Ciò eviterebbe la pesante maggiorazione di prezzo correlata alla conformità alla Serie III: si dice che un trattamento SCR (Riduzione a Catalizzatore Selettivo) costi circa 1,5 milioni di dollari USA per una petroliera a medio raggio e sino a 4 milioni di dollari USA per una superpetroliera.

Possibilità di emissione

Le principali soluzioni per i limiti della Serie III sono rappresentate da tecnologie fra cui i sistemi di Riduzione a Catalizzatore Selettivo (SCR) ed i relativamente nuovi sistemi di ricircolo dei gas esausti (EGR), oppure il carburante a gas naturale liquido.

Secondo il database della Clarksons Research, è stato riportato che attualmente esistono 306 navi dotate di tecnologia NOx (il 95% della quale è costituito da sistemi SCR) e 79 navi che possono viaggiare con carburante a gas naturale liquido.

In misura sempre maggiore la capacità di utilizzare carburante a gas naturale liquido è la norma per le navi adibite al trasporto di tale gas e quindi esse sono state escluse da questa analisi allo scopo di ottenere una visione più chiara di quali soluzioni siano state adottate per le rilevazioni della riduzione di ossidi di azoto.

Il numero delle navi nella flotta in grado di soddisfare gli standard sui NOx della Serie III è cresciuto - come riportato - da 74 navi all'inizio del 2005 a 385 navi all'inizio di dicembre di quest'anno, ma esso rimane una piccola percentuale della flotta mondiale (0,4%).

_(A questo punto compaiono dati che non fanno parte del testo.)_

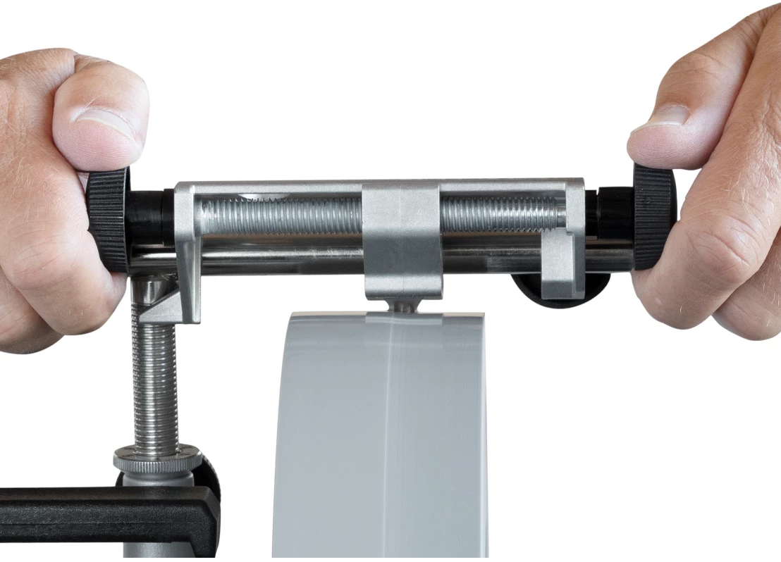 - Vous distribuerez de façon pratique l’outil tranchant diamanté au-dessus de la meule en faisant tourner alternativement les deux boutons avec vos deux mains. Grâce à cette distribution contrôlée, vous obtiendrez une surface de meule plate et régulière, sans aucune rainure.
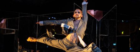 Zwei Sphinxen, ein Berg, Marco Polo, ein LKW-Fahrer und drei Sexarbeiterinnen an einer Autobahnraststätte am Rande eines Grenzübergangs. Wintersportler:innen auf der Piste und im Stau, ein Chor, ein Bote – und ER. Und ein ANDERER ER. Marco Polo geht in die eine Richtung, in den Nahen Osten, und ER in die andere, Richtung Europa, ein paar Jahrhunderte versetzt.
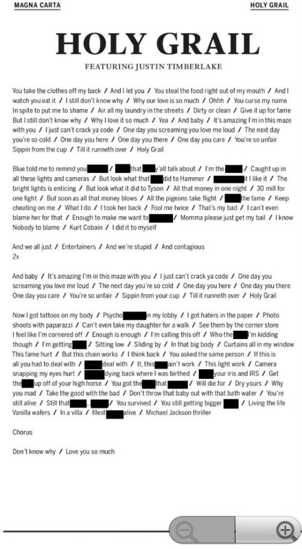 Jigga man just released the lyrics to one of his new Magna Carter album tracks, “Holy Grail” that features Justin Timberlake! The lyrics were released this morning through the MCHG app that hit Google Play today! The song is expected to drop tomorrow and the album will be available to first 1 million Samsung Galaxy users who use the app on July 4th. Now lets talk about the idea of releasing the lyrics to song before the actual song comes out lol! When you got it like Jay and Jus you can do things like that and fans will love it. But what they should’ve done was have fans make their own versions of the song since they already have the lyrics and see what they come up with, that would’ve been classic lol!
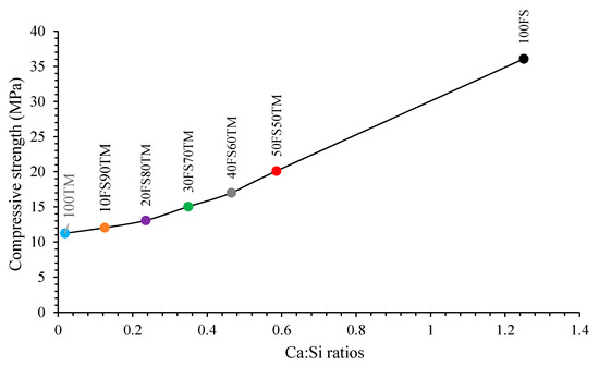 Compressive strength development of all samples after 28 days according to the initial Ca:Si ratio in the mixtures (Precursors + Activator solution).

La tassa ed il finanziamento relativi al NOx della Norvegia, introdotti rispettivamente nel 2007 e 2008, hanno indotto gran parte dei provvedimenti relativi agli investimenti per la riduzione degli ossidi di azoto ed è stato riportato che il 63% della flotta conforme alle regole sul NOx appartiene a armatori norvegesi.

Nel contempo, sono state effettuate ordinazioni per 91 navi conformi alla Serie III NOx, l'81% delle quali con capacità per gas naturale liquido.

Si tratta di una proporzione leggermente più alta del registro delle ordinazioni globale, pari al 2%, rispetto alla flotta.

Anche le ordinazioni sono state meno consolidate e gli armatori norvegesi, statunitensi e svedesi rappresentano rispettivamente il 21%, il 16% ed il 13% del registro delle ordinazioni in termini numerici.

Ancora più trasparenza sui NOx

Attualmente, la maggior parte delle navi che potrebbero soddisfare gli standard della Serie III appartengono a proprietari norvegesi e sono equipaggiate con sistemi SCR per quanto il registro delle ordinazioni sia più orientata verso una soluzione del tipo carburante a gas naturale liquido.

Tuttavia, le ordinazioni nel 2016 potrebbero apportare una maggiore visibilità quanto alle opzioni preferite ai fini della conformità.